Conti Group shuts-down their operations

AdvIntel intelligence well-known for tracking Conti activity has discovered the shutdown of Conti ransom operations, as critical ransom features were identified to have been removed from the infamous Conti News blog. Key aspects of the still active blog have been deactivated, "the crucial operational function of Conti News which was to upload new data in order to intimidate victims to pay is defunct, as all the infrastructure related to negotiations, data uploads, and hosting of stolen data was shut down." These features appeared to have started to shut down on May 19th, 2022, with Conti's leadership seeing the end coming, "this shutdown highlights a simple truth that has been evident for the Conti leadership since early Spring 2022 - the group can no longer sufficiently support and obtain extortion." Conti was prepared for this moment and utilized the attack on Costa Rica as publicity to act as cover for the shutdown as opposed to ransom.

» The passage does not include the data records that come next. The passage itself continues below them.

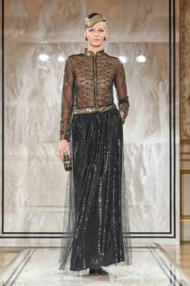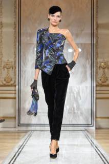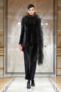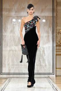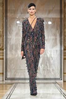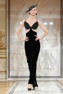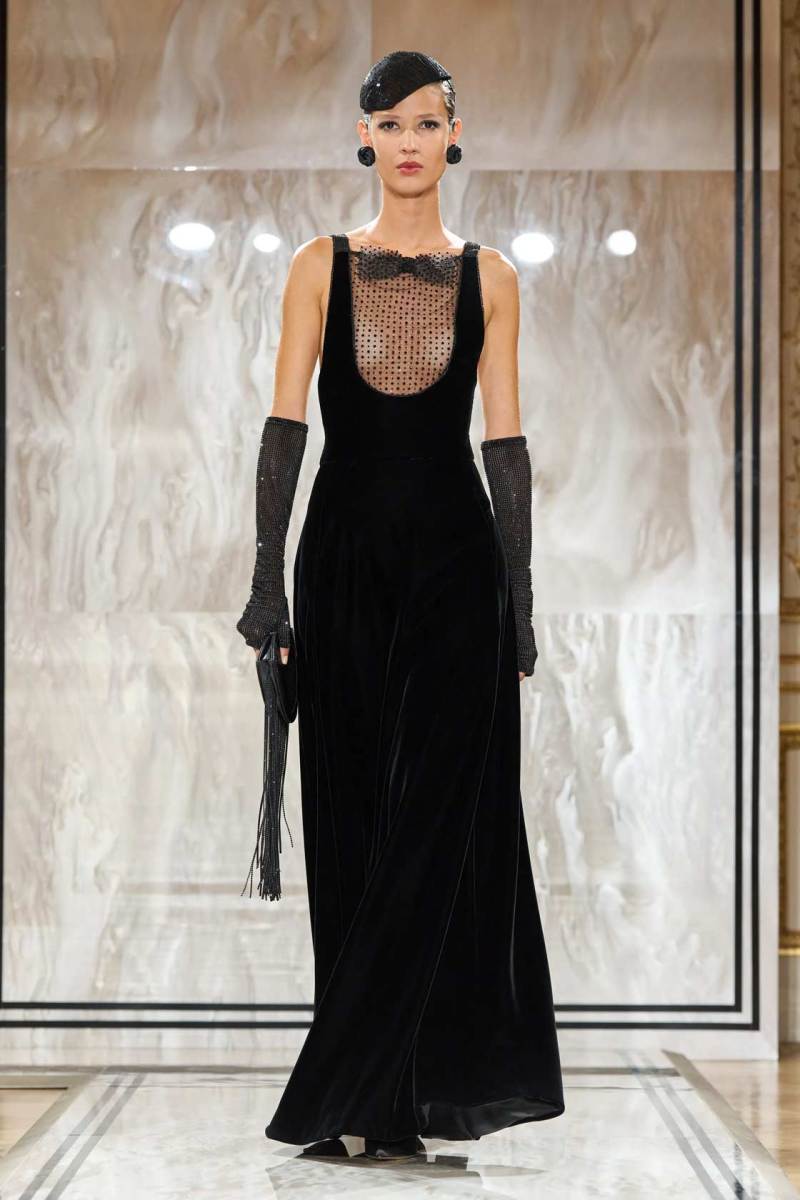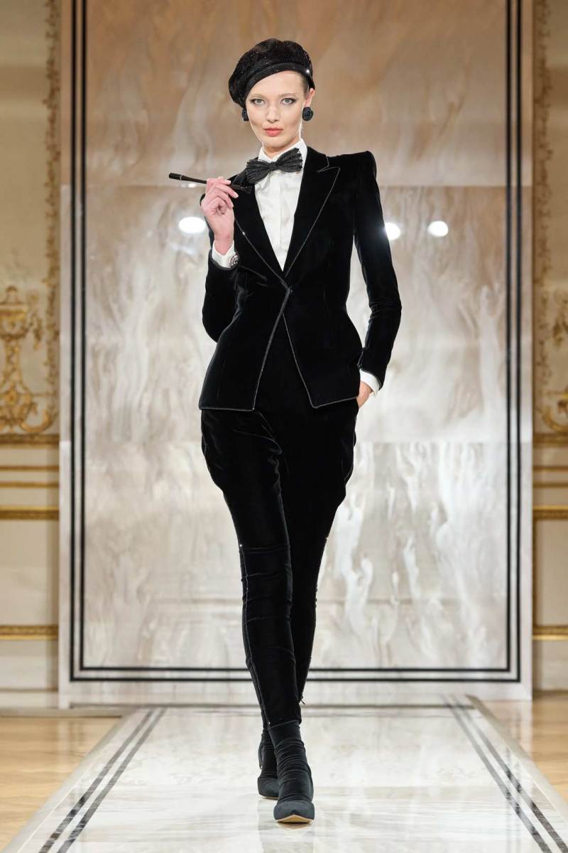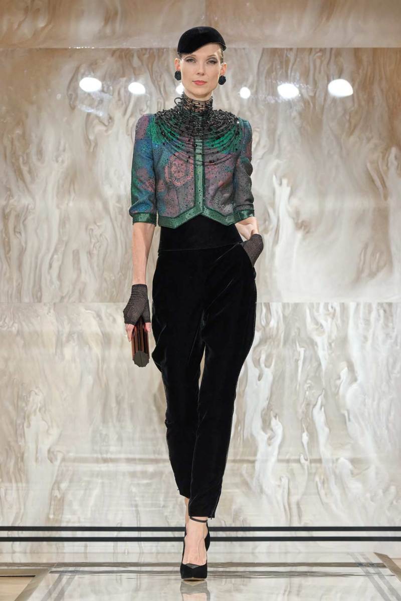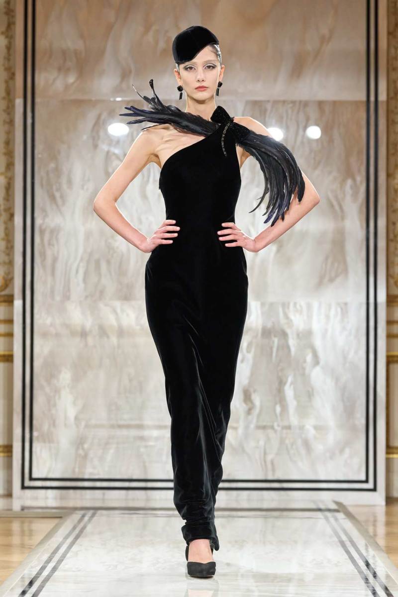 In scena a Parigi, nella cornice della Haute Couture, la collezione è un omaggio alla complessità del nero, che da codice classico si trasforma in linguaggio emotivo. Qui il nero non è mai assenza, ma presenza sfaccettata, materia viva, superficie da cui affiorano bagliori e contrasti. Una sfida che Giorgio Armani affronta con la precisione di chi sa che «lavorare con il nero significa non poter sbagliare», perché ogni imperfezione si amplifica, ogni taglio racconta.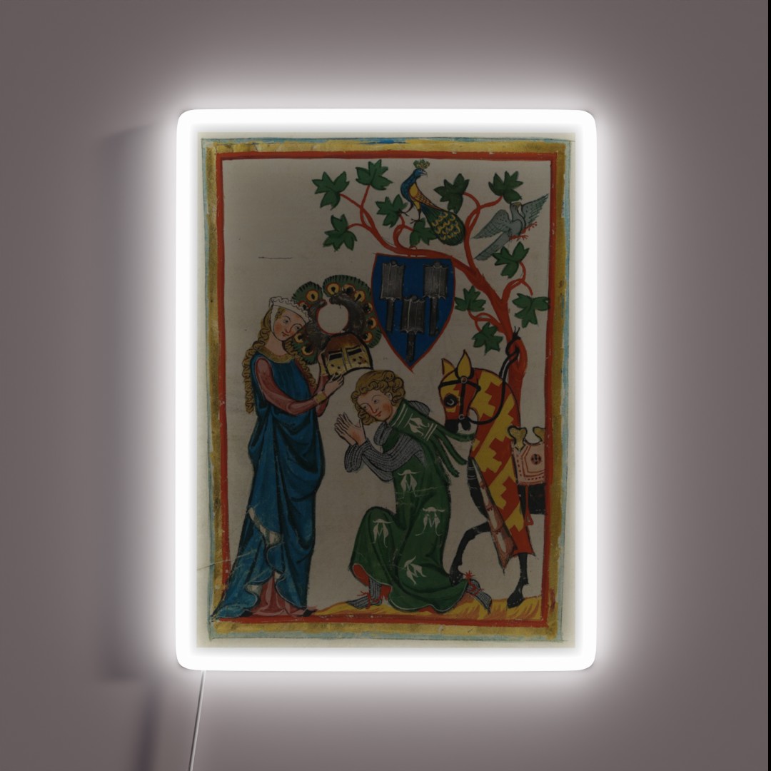 Inspired by the rich literary heritage of medieval Germany, this unique neon sign brings the artistry of the 14th century to your home or office. The Chivalry 14th Century Codex Manesse is a stunning representation of the illuminated manuscripts that once adorned the walls of castles and courts.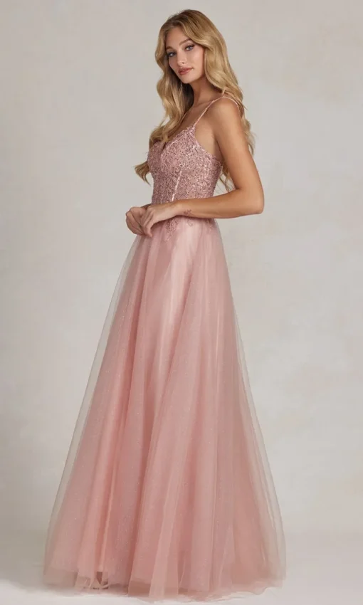 Beaded-Bodice Rose Gold Long Prom Ball Gown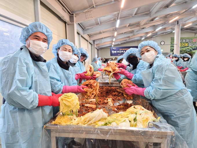 [용인=뉴스핌] 노호근 기자 = 용인특례시의회 유진선 의장은 25일 남사농원에서 열린 '북한이탈주민과 함께하는 사랑의 김장나눔 행사'에 참석해 주민들과 함께 약 2000kg의 김장김치를 담갔다.

Conti's preparation for the end provides an ominous warning the Conti Threat remains, despite the shutdown. The Conti leaks reveal the organizational structure, from which the group operates, and transitioning to a "network organizational structure, more horizontal and decentralized," provides members to be dispersed and operate within sub-groups with different goals. AdvIntel outlines four different group types that could be structured to continue Conti’s operations. Type one involves an autonomous group operating with the goal of data theft without the need for a ransomware locker. This would include groups such as Karakurt, BlackBasta, and BlackByte. Type two involves collaborating with other known ransomware groups such as AlphV/BlackCat, HIVE, HelloKitty/FiveHands, and AvosLocker working in a "semi-autonomous" manner. Type 3 affiliates choose to work individually. Type 4 involves "mergers & acquisitions," of Conti members infiltrating smaller groups and spreading their influence/expertise from within. AdvIntel's final warning is the "the transition from data encryption to data exfiltration" particularly observed from the Karakurt and BlackByte groups. "In a nutshell, relying on pure data exfiltration maintains most major benefits of a data encryption operation, while avoiding the issues of a locker altogether. Most likely, this will become the most important outcome of Conti's re-brand."